> [Exercise details]
Within the entries below, please retype exactly the lines starting with the line that has "2021-2022年深圳市建" and going on through the line that has "ريفياً ساحراً 👒.", but not the pictures.

> [Information shown]
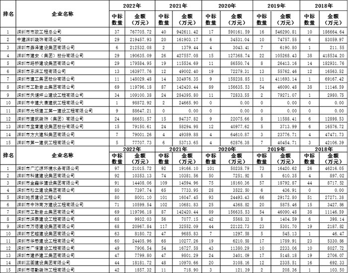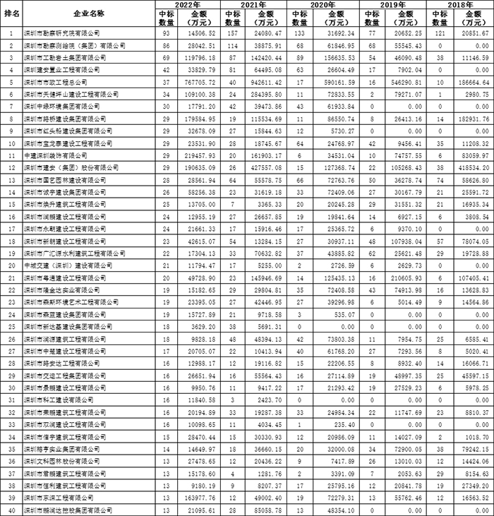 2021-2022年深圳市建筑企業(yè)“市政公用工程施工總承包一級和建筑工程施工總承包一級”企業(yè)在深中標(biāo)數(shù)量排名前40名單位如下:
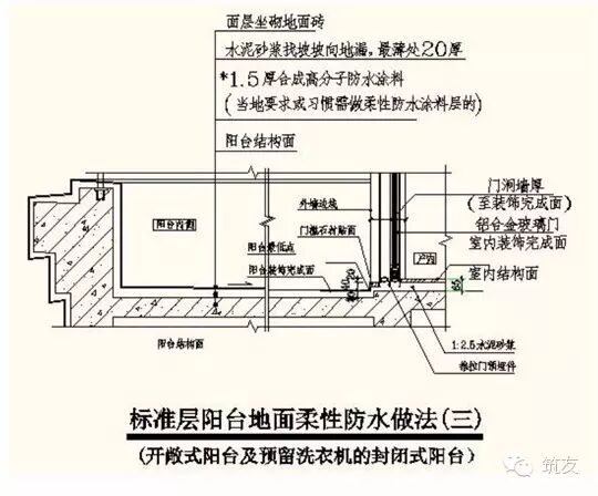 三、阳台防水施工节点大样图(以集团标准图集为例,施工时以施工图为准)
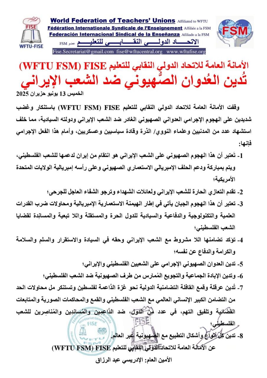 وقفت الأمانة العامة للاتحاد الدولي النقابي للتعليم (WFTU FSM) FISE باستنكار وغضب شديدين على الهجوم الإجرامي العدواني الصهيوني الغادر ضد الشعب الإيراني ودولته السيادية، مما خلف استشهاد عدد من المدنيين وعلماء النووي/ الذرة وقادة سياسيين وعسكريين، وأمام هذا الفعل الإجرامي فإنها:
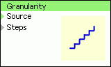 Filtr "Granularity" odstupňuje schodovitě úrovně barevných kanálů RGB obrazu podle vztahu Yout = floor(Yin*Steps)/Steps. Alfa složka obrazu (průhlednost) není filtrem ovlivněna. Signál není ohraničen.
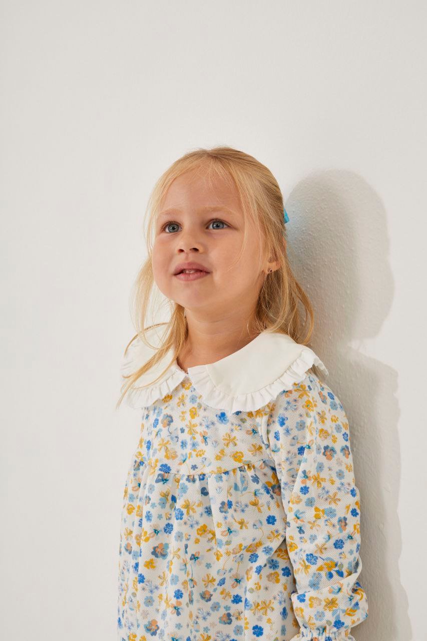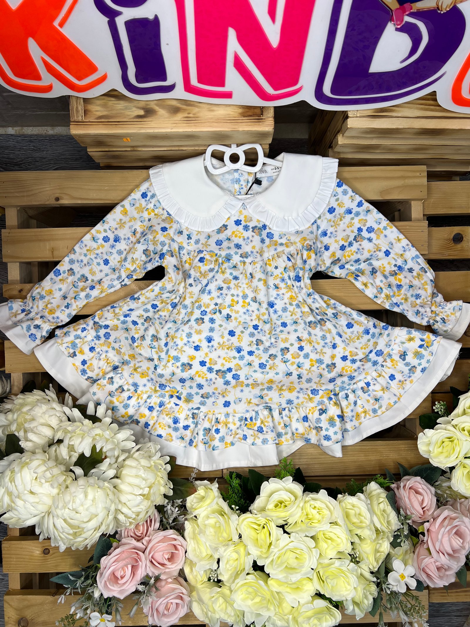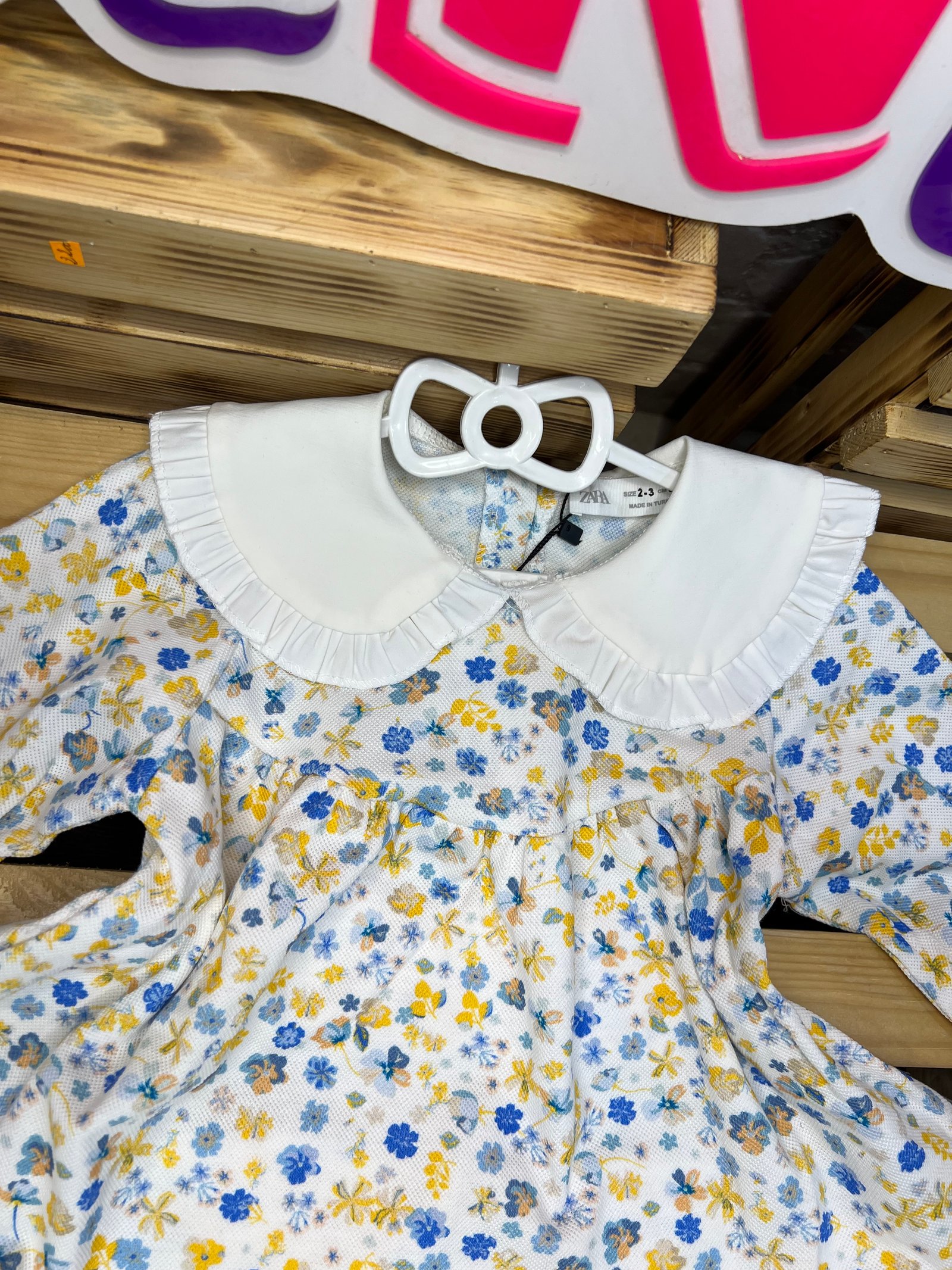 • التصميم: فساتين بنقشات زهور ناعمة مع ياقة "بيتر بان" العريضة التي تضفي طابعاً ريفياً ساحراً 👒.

--

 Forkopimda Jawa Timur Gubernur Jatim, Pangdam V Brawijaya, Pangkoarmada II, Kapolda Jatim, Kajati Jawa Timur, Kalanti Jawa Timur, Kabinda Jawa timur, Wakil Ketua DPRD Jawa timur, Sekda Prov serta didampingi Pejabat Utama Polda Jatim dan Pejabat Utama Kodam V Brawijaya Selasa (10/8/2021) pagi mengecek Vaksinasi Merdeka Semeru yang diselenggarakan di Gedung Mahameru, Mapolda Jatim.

> [Response for this exercise]
 2021-2022年深圳市建筑企業(yè)“市政公用工程施工總承包一級和建筑工程施工總承包一級”企業(yè)在深中標(biāo)數(shù)量排名前40名單位如下:
 三、阳台防水施工节点大样图(以集团标准图集为例,施工时以施工图为准)
 وقفت الأمانة العامة للاتحاد الدولي النقابي للتعليم (WFTU FSM) FISE باستنكار وغضب شديدين على الهجوم الإجرامي العدواني الصهيوني الغادر ضد الشعب الإيراني ودولته السيادية، مما خلف استشهاد عدد من المدنيين وعلماء النووي/ الذرة وقادة سياسيين وعسكريين، وأمام هذا الفعل الإجرامي فإنها:
 Filtr "Granularity" odstupňuje schodovitě úrovně barevných kanálů RGB obrazu podle vztahu Yout = floor(Yin*Steps)/Steps. Alfa složka obrazu (průhlednost) není filtrem ovlivněna. Signál není ohraničen.
 • التصميم: فساتين بنقشات زهور ناعمة مع ياقة "بيتر بان" العريضة التي تضفي طابعاً ريفياً ساحراً 👒.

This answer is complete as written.